What is a short sale?
A short sale is simply a real estate transaction where a property is sold for less than the amount owed to the lender, with that lender's permission.  This is often the case when a borrower is not in a position to continue making payments on the loan, or has already fallen behind on payments.  At the same time, the home's value has declined and any realistic sale price would not cover the balance on the loan.  This is when a lender will consider accepting less than what is owed.

Who benefits from a short sale?
Although it sounds like someone is losing money, it's more a case of losing less money than more.  The longer the borrower doesn't make payments, the more the lender has to spend on taxes, maintenance, attorney fees, eviction, etc.  If the occupants aren't paying the mortgage, in all likelihood, they're not fixing the leaky roof, replacing the broken windows or investing in improvements.  And with current backlogs, some borrowers could end up staying in the property many months without making payments.  So, it's often in the lender's best interest to accept a payment from another buyer for less than what the borrower owes, particularly if there are an abundance of homes for sale in the area, the value is declining and the property is deteriorating.

Borrowers, of course benefit because they are relieved from the burden of their monthly payments which they cannot afford.  A short sale usually takes place prior to foreclosure, therefore, a foreclosure doesn't appear on the borrower's credit record.

Buyers benefit as well.  They are often purchasing a property at a price they've negotiated to well below market-value.
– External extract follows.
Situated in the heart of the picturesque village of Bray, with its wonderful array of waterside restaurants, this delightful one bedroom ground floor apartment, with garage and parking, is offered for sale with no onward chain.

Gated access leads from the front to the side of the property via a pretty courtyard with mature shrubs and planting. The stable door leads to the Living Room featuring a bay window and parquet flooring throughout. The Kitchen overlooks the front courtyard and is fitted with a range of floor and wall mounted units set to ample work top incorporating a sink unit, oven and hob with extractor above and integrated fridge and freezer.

Lenders benefit by making the sales cycle quicker; avoiding the time and expense of the foreclosure process, and unnecessarily adding to their REO inventory.

What's necessary for a successful short sale?
First, of course, you need a seller who is willing to part with their home, and has accepted the fact that they're not going to make a profit from the sale.  There are more borrowers in this position than ever before.  Those who recognize that they must do something usually call their lender and explain that they can't make the next payment or they anticipate this scenario in the near future.  Many times, if the lender can't work out a different payment arrangement, they'll tell the borrower that the best option is a short sale.  Too many borrowers simply don't make the next payment and then avoid the phone calls & letters from their lender.
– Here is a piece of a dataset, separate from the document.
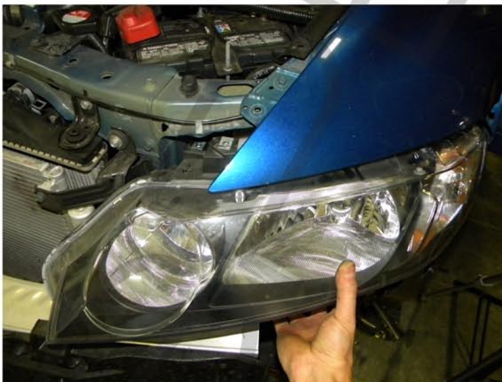
21. Remove the headlight

Lenders require a "hardship package" from the borrower.  This is similar to the original loan application, only in reverse.  They'll want to know the borrower's current financial situation proving why they can't continue to make payments as promised.  They'll also want to know about current and recently sold homes in the area, as well as the condition of the property.
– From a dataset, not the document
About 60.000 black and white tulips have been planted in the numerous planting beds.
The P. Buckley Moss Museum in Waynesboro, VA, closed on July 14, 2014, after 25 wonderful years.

Along with the hardship package, the borrower must submit a formal contract of sale between buyer and seller.  After reviewing the paperwork, the lender has the option of accepting or rejecting the buyer's offer or making a counter-offer.  Typically, the contract must be written in a way that assures the lender that the buyer is paying for all costs associated with the transaction, that there are no contingencies, and that the seller is not walking away with any cash from the deal.

In the past, lenders had the option to "bill" the borrower for the difference between the sale price and what was owed by way of a deficiency judgment or 1099, however, after the signing of The Mortgage Forgiveness Debt Relief Act of 2007 by former President Bush, amendments have been made to remove such tax liability and allow the borrower and lender to work freely together to find a common solution that is beneficial to both parties.  This protection is limited to primary residences so consultation with a tax advisor is necessary to ensure that a borrower qualifies.